# Requirement
The material below holds the lines to copy: from the one with "しかし、3ヶ月の子犬にとって" up to and including the one with "Original Alphabet Charm". Copy them exactly and skip the pictures.

# Supplied information
_____

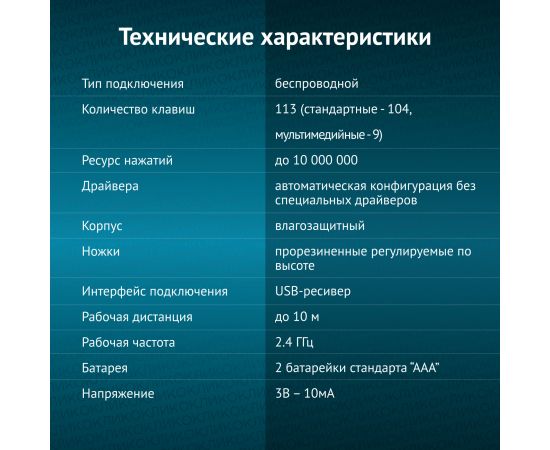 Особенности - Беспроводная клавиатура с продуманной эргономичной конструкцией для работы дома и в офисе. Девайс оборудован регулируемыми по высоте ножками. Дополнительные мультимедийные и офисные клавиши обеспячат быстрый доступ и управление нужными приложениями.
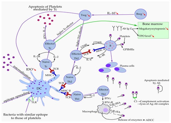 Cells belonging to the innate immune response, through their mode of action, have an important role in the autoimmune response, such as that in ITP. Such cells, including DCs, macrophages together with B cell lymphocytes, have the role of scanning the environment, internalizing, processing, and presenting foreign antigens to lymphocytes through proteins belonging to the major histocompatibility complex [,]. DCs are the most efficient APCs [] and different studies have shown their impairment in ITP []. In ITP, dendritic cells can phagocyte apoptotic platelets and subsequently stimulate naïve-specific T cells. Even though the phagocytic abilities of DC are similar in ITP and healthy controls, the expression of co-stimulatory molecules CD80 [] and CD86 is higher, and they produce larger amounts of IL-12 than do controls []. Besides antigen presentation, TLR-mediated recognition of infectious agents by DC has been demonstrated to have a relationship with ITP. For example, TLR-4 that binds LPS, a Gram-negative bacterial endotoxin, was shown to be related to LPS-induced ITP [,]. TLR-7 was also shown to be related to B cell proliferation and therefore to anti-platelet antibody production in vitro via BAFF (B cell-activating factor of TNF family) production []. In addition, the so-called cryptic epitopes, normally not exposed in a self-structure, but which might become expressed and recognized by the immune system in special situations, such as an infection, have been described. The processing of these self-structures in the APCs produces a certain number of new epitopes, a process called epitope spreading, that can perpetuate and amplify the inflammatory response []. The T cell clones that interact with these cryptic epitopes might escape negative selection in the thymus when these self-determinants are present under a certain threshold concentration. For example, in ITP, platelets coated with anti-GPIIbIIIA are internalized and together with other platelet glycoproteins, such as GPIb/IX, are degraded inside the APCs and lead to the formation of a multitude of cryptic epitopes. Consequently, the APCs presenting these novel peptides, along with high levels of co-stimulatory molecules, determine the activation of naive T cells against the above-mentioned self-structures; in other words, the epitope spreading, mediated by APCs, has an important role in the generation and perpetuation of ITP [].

_____

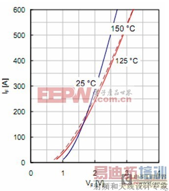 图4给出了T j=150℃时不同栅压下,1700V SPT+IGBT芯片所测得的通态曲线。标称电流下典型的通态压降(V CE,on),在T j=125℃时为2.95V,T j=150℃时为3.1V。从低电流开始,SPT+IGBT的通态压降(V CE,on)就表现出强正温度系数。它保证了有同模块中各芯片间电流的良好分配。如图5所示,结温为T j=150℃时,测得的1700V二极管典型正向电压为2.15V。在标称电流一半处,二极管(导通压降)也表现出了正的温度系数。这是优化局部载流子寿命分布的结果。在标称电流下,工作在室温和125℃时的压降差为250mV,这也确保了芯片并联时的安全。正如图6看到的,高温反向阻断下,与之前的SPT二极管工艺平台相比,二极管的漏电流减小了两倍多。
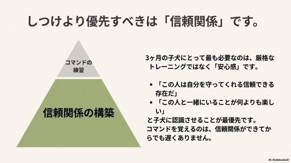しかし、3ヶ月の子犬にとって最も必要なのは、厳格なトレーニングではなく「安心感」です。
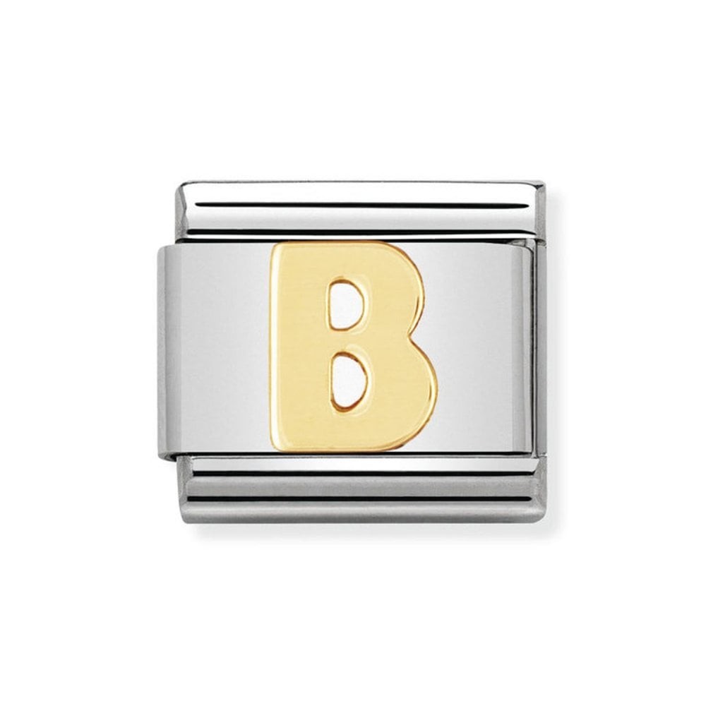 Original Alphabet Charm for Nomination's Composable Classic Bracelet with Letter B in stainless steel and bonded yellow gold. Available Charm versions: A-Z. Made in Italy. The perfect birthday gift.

_____

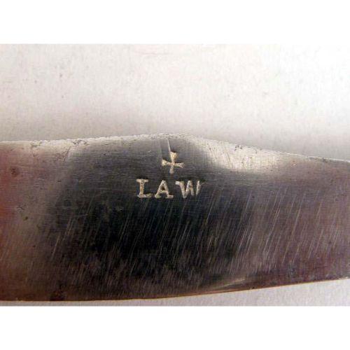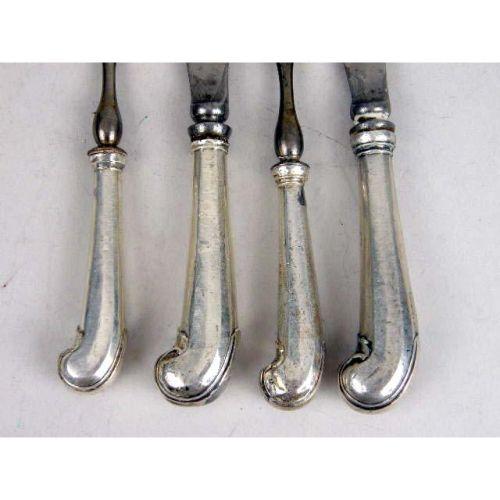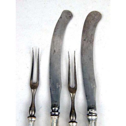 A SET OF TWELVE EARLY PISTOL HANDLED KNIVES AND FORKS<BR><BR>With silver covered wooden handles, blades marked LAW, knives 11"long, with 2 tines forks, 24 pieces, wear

_____

# Answer below
しかし、3ヶ月の子犬にとって最も必要なのは、厳格なトレーニングではなく「安心感」です。
 Original Alphabet Charm for Nomination's Composable Classic Bracelet with Letter B in stainless steel and bonded yellow gold. Available Charm versions: A-Z. Made in Italy. The perfect birthday gift.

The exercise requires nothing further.